Leaving the family home for the first time can be intimidating but exciting. You’ve likely been giving a lot of thought to this moment and received lots of advice from family and friends. It is a big step that comes with many commitments that you must be aware of as they can have a lasting impression on your financial future. By being smart you can avoid debt and credit issues which can arise if not prepared.
Let’s break the big move down into smaller bits.
Your New Residence
Picking out your new residence requires some considerations when it comes to your budget. Below are different bills you and or your roommates will be responsible for.
One-Off Costs:
Furnishings
Connection fees for utilities
Parking permits
Rental truck/Removalist
Rent bond
Ongoing Costs:
Utilities
Rent
Food
Entertainment
Insurance
Transportation
Stay on top of bills by automating as much as possible, utilise direct debts.
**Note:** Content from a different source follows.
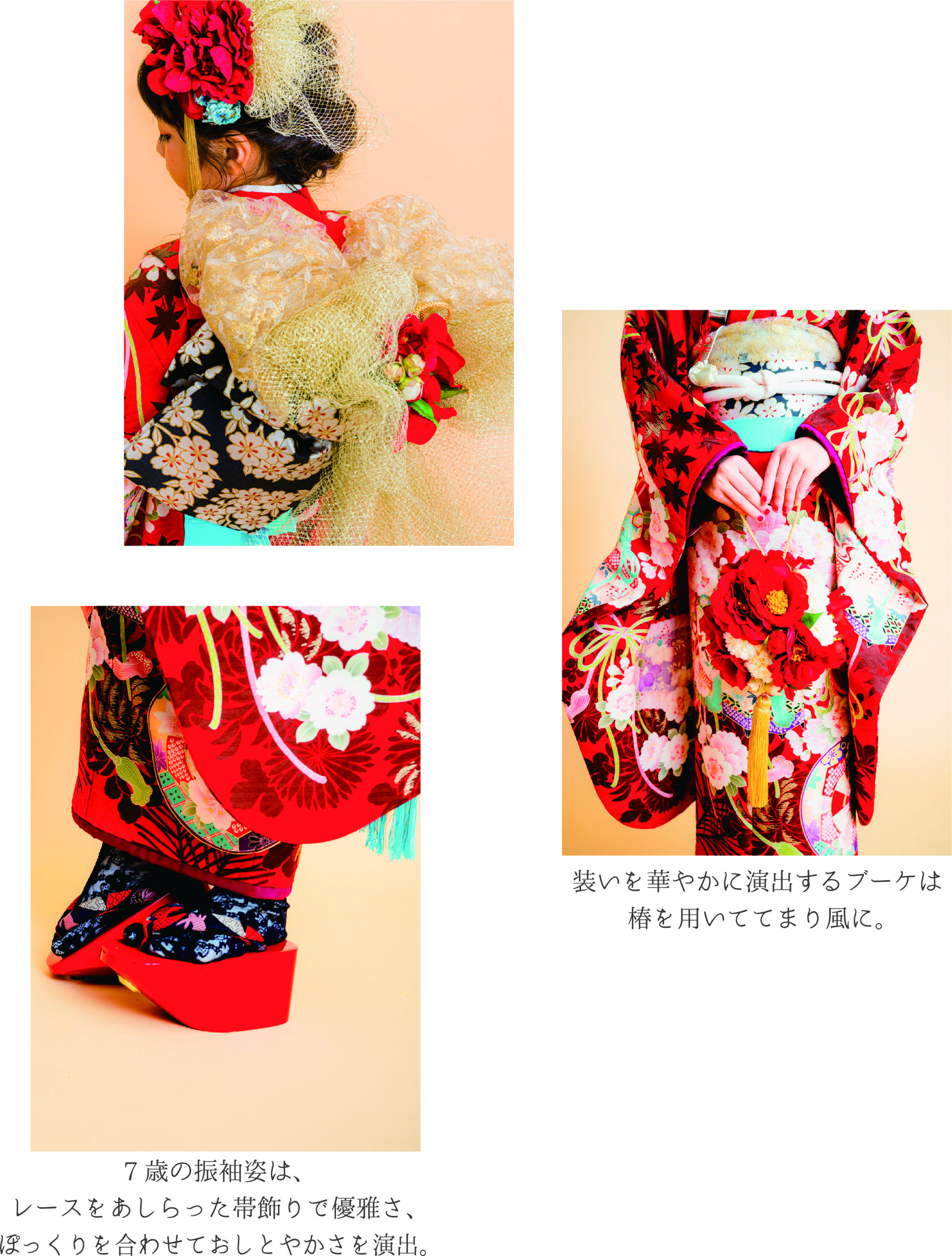 お子様の着付けと、簡単なヘアメイクを無料でいたします。ヘアメイクは原則、3歳以上対象とさせていただいております。

One of the best ways to control costs and stretch the monthly budget is to have housemates and share the costs with others. Whilst this is a great to get more bang for your buck, its important to choose housemates carefully.
Establishing responsibility between flat mates can be a formal or informal process, as determined by contracts and agreements signed between you, them, landlords and utility providers. Formal agreements would indicate your name is on the lease, utilities, insurance, and any other services to the property, along with theirs. Informal agreements are determined by a signed document or agreement with the head tenant of the property. Perhaps that tenant’s name is on all of the contracts pertaining to the home, and your contract denotes an agreed upon payment to that tenant.
The Importance of Finances
There are many financial obligations when renting or owning a home. All of which are driven by credit. If your name is on a contract, your responsible for the agreement regardless of what flat mates may or may not do. Be sure to protect yourself and have agreements in place with all parties living in the home.
Preparing For Your Big Move
Once you’ve determined you’re moving, who you’d potentially have as a housemate, and what your budget allows, it’s time to address a solid checklist to ensure your move is as seamless as possible.
- Research the desired location of your new home. Take a look at the traffic in the area, it’s proximity to your work/school, and the lifestyle of the area. Does it match your wants and likes?
- Take stock of your current bills and how they will be incorporated into your new budget. What are things you can do to ensure you stay on top of new financial responsibilities and that your flat mates are taking care of shared bills
- Determine what things you’d like to bring with you to your new home. Do you have duplicate items in your current living space that you don’t need to bring with you? Moving is a great opportunity to evaluate what you have and what you’ll need. You can reduce the amount of clutter by going through your items now, before hauling them to your new spot!
- Prepare to update your address so you’ll never miss a beat! Make a list of organisations that regularly send you mail, or rely on documentation of your residence in their files. Your bank, place of employment, general bills (ie mobile, gym, etc) and insurance companies are all examples of these.
- Consider your insurance policies with your changed residence. Will you have health insurance if you move out of your family home? Does your new location affect your car insurance rates? What type of insurance would you like to carry for your belongings in case of unforeseen events? Perhaps even bundling car and home/rental insurance can save you a bit, too!
Moving out of the family home is an exciting new chapter and easy thing to do. However it also come with new responsibility in the form of contracts and bills. Take advantage of direct debits and any other areas of automation to help stay organised and in control of new commitments.
*This article is opinion only and should not be taken as financial advice. The information is general and has not taken into account your objectives, financial situation, or needs. Check with a financial professional before making any decisions.